The task for the listing below is to write out exactly the lines starting at the one containing "LaaVoo Weft Hair" and ending at the one containing "Baie geluk aan", both included. Pictures are to be omitted.
- Opening Delimiter -
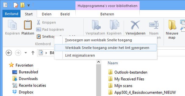 Dat minimalistische vind je in de werkbalk Snelle toegang. Je vindt deze werkbalk bovenin ieder Windows Verkenner-venster, (boven Bestand, Start, Delen, enzovoort), door op het zwarte pijltje naar beneden te klikken. In deze werkbalk kun je beknopt aangeven welke opties je daarin wilt zien en welke niet. Klik nu met de rechtermuisknop op een willekeurige plek in het Lint en vervolgens op Werkbalk Snelle toegang onder het Lint weergeven. De werkbalk verdwijnt nu van de bovenkant van het venster en wordt onder het Lint geplaatst.
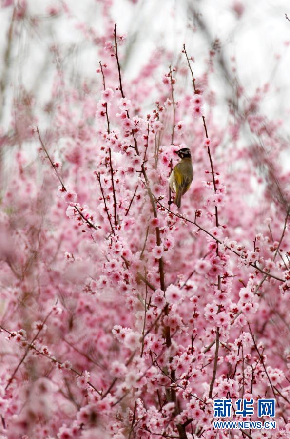 3月8日,在江蘇南京梅花山,一只小鳥(niǎo)在美人梅枝頭棲息。
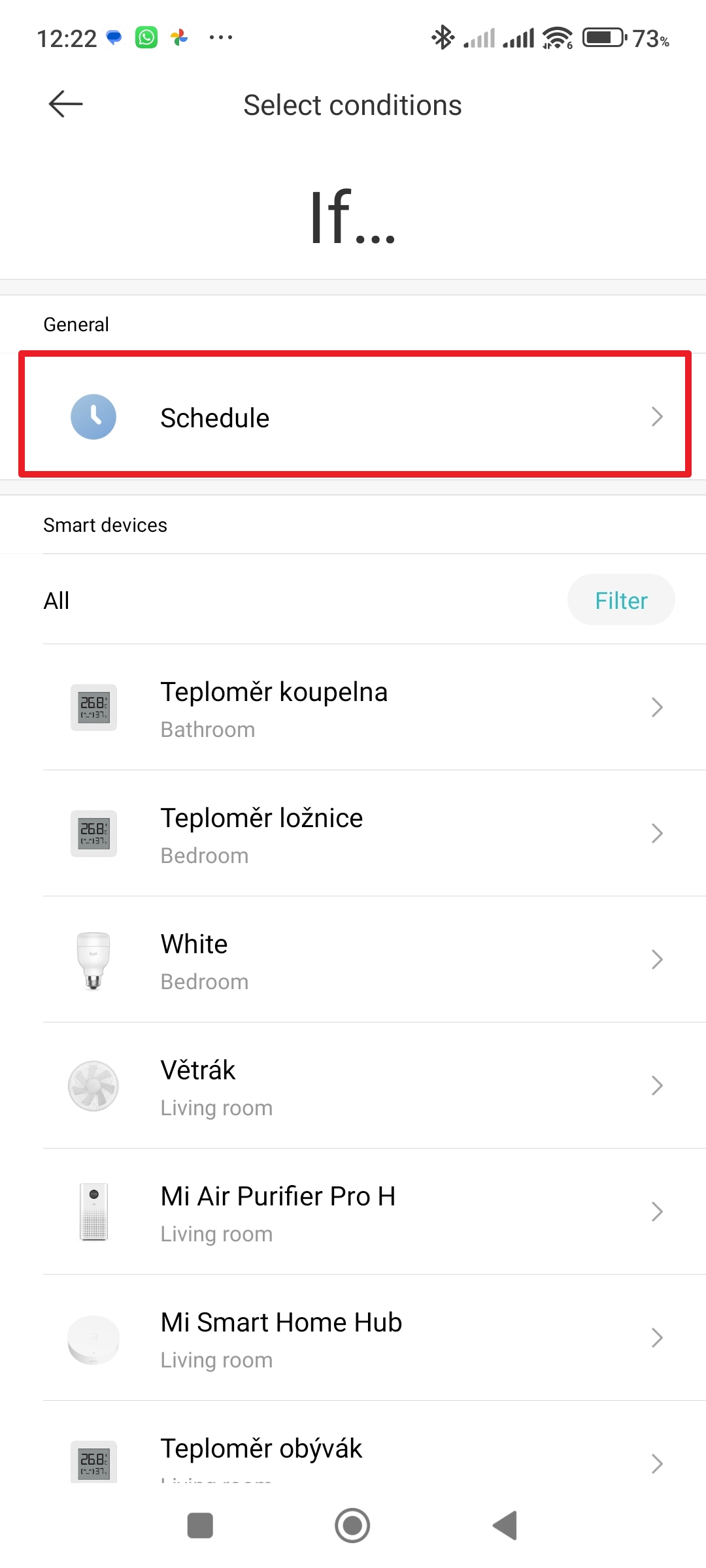 Otevřete aplikaci Mi Home Otevřete příslušnou žárovku Klepněte na tři tečky - Přejděte do sekce Schedules.
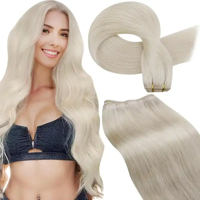 LaaVoo Weft Hair Extensions Human Hair Blonde Sew in Hair Extension Real Human Hair 22 Inch Double Weft Extensions Platinum Blonde Hair 100g — Price History & Tracker | DeserTracker
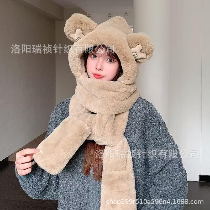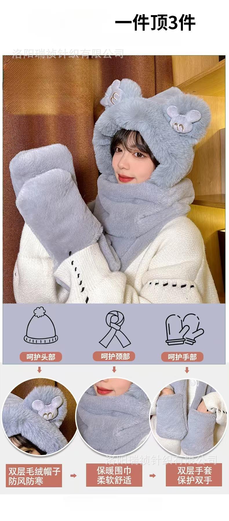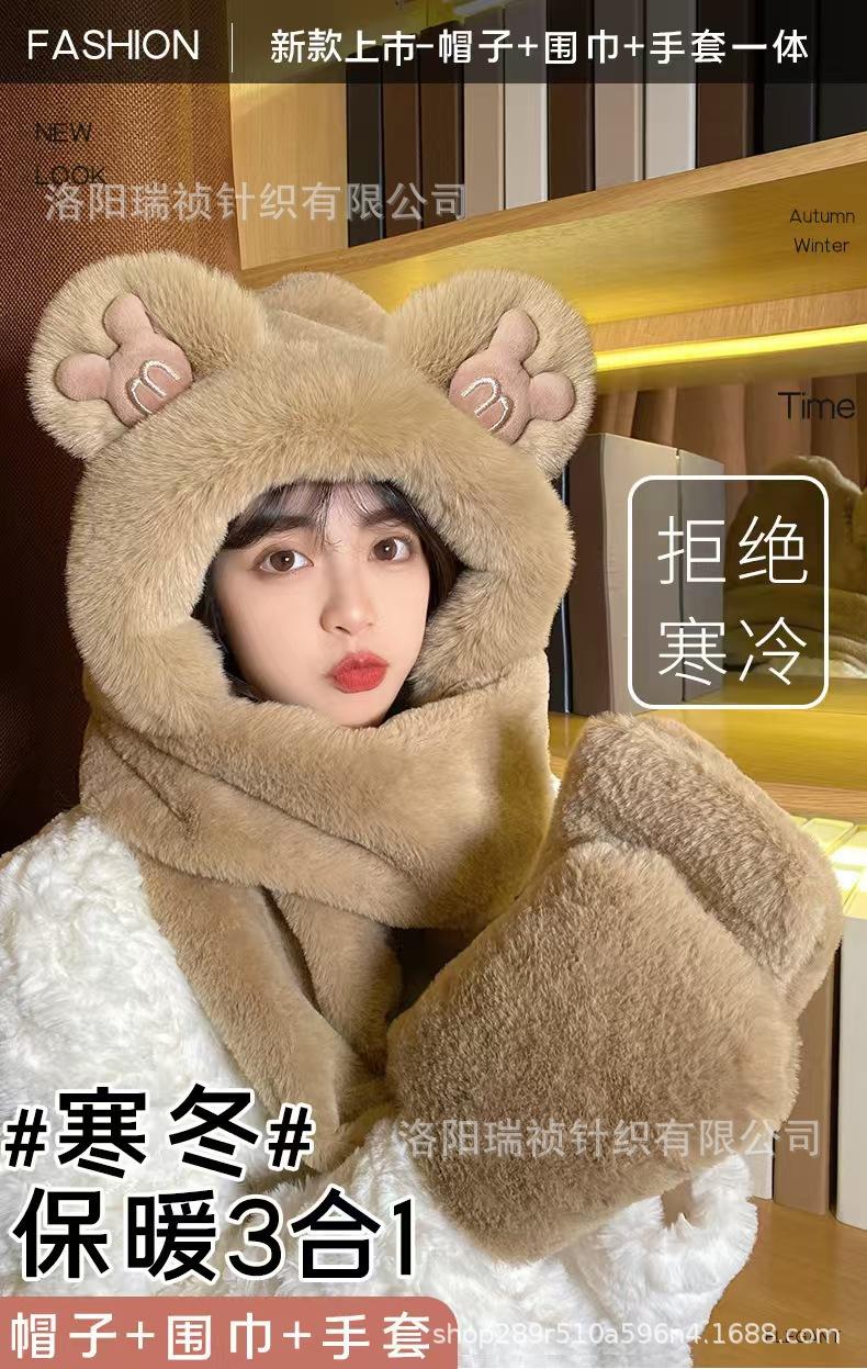 Invierno Sombrero de Oso Bufanda Guantes Un Conjunto de Tres Piezas Moda Coreana Versátil Cálido para Montar Cubre Cara
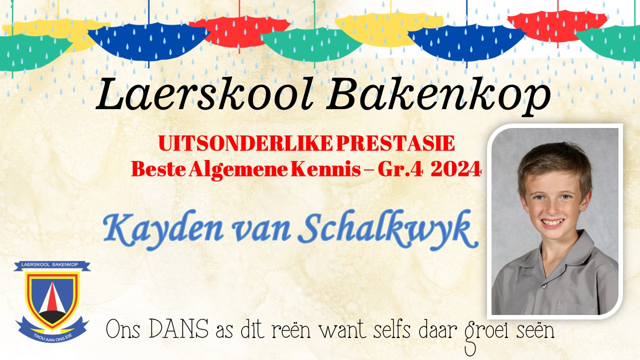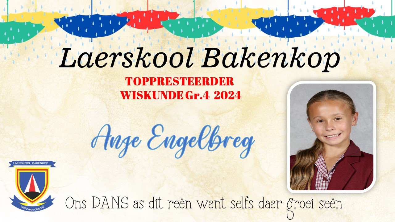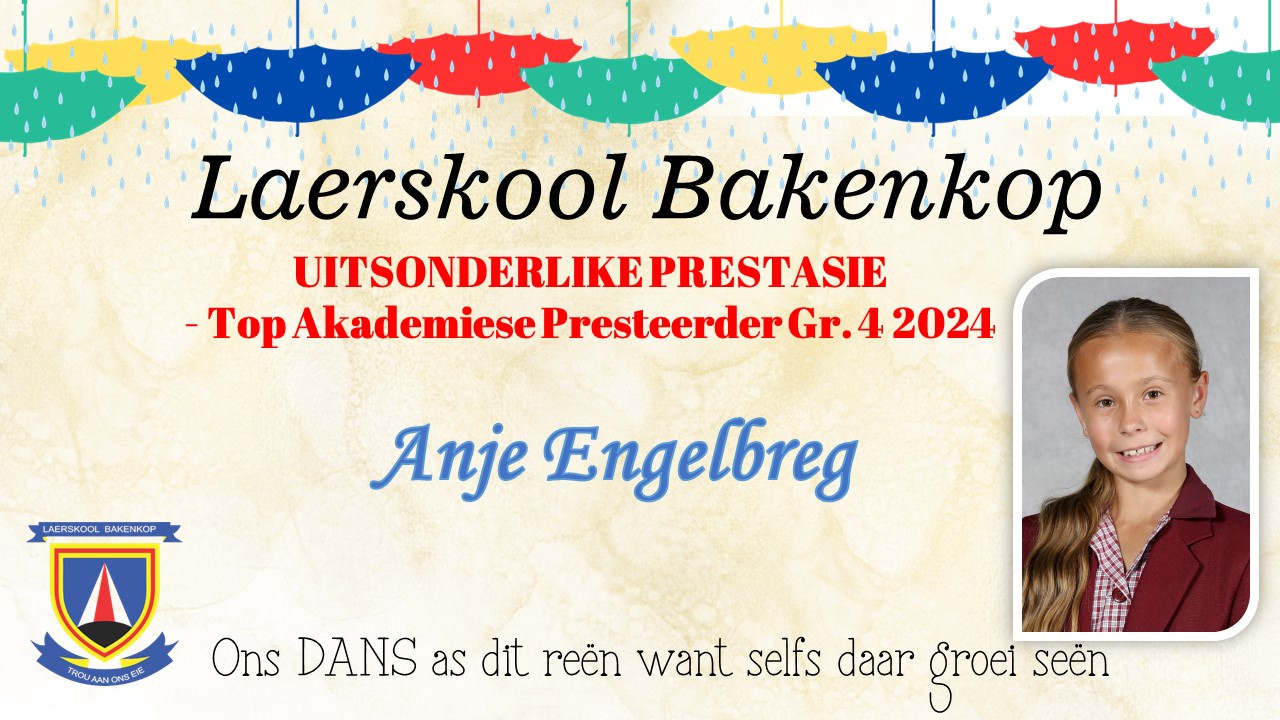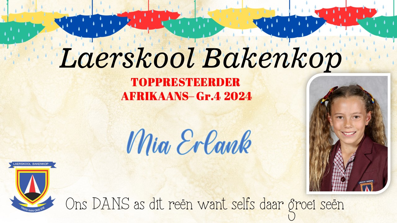 Baie geluk aan die Gr. 4 leerders wat op Akademiesegebied 'n sertifikaat en/of trofee ontvang het vir jou harde werk tydens ons Akademiese prysuitdelingsaand in 2024. Hieronder is ons uitsonderlike presteerders wat trofees ontvang het vir Akademie. Die toppresteerders vir sport en kultuur is onder die afsonderlike afdelings.
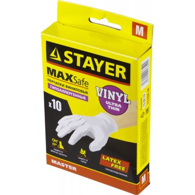 Перчатки виниловые, устойчивы к слабым растворам кислот и щелочей, пар в упаковке: 5, M, гипоаллергенные ,экстратонкие, STAYER MASTER (11208-M), Нет данных, 0
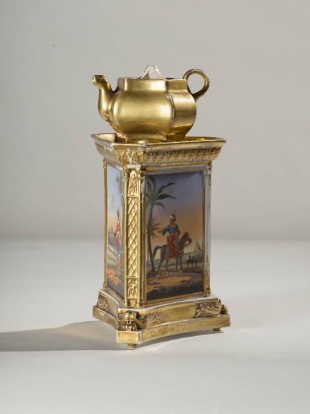 Veilleuse in porcellana dipinta a mano composta da quattro parti: base triangolare dorata poggiante su tre piedini con zampe leonine e motivi decorativi vegetali in rilievo; fusto a sezione triangolare con orlo superiore aggettante munito di tre fori per l'areazione nella parte alta; motivi decorativi in rilievo dorati sono presenti lungo l'orlo superiore e lungo i tre pilastri che dividono le tre facce del fusto. Teiera con invaso, interamente dorata nella parte esteriore; presenta una forma sfaccettata, manico ad anello, beccuccio corto e mosso, coperchio munito di foro. La decorazione pittorica entro le tre specchiature rettangolari del fusto consta di: un uomo a cavallo in abiti mediorientali con piramidi sullo sfondo; una figura femminile con un gruppo di soldati con lance posti in secondo piano; un uomo in uniforme regale e sullo sfondo accampamento di tende.
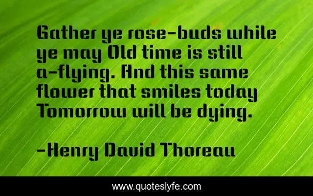This page presents the quote "Gather ye rose-buds while ye may Old time is still a-flying. And this same flower that smiles today Tomorrow will be dying.". Author of this quote is Henry David Thoreau. This quote is about day, one,.
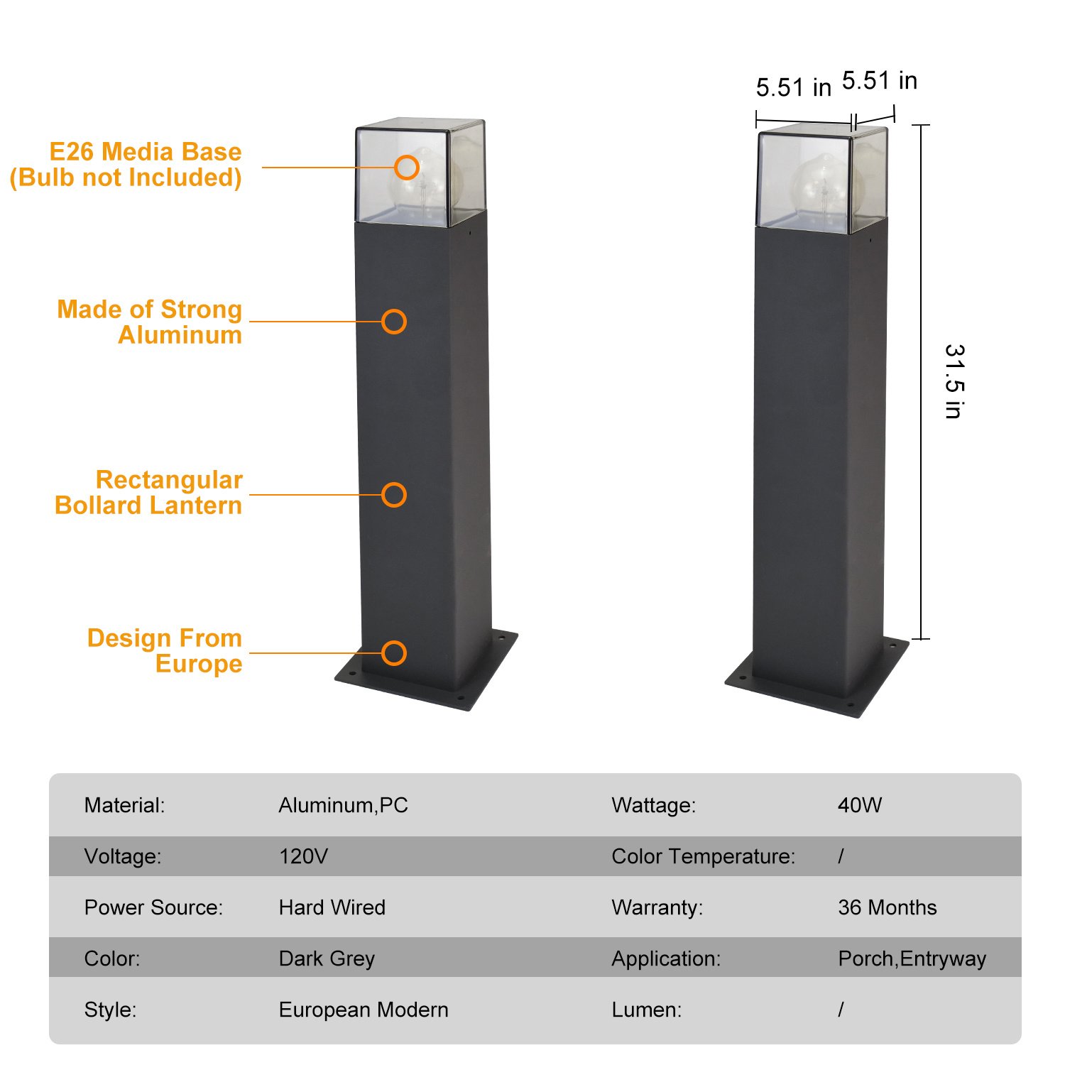 Our elegant and classic outdoor lighting design comes from well-known European designers. Many of our exterior lighting equipment have won the German Red Dot Design Award many times. This LED bollard lamp is made of 100% heavy duty die cast aluminum; which has shock power; long service life; rated life of more than 50000 hours; and is more durable.
- Closing Delimiter -
● **Problem solution**
 LaaVoo Weft Hair Extensions Human Hair Blonde Sew in Hair Extension Real Human Hair 22 Inch Double Weft Extensions Platinum Blonde Hair 100g — Price History & Tracker | DeserTracker
 Invierno Sombrero de Oso Bufanda Guantes Un Conjunto de Tres Piezas Moda Coreana Versátil Cálido para Montar Cubre Cara
 Baie geluk aan die Gr. 4 leerders wat op Akademiesegebied 'n sertifikaat en/of trofee ontvang het vir jou harde werk tydens ons Akademiese prysuitdelingsaand in 2024. Hieronder is ons uitsonderlike presteerders wat trofees ontvang het vir Akademie. Die toppresteerders vir sport en kultuur is onder die afsonderlike afdelings.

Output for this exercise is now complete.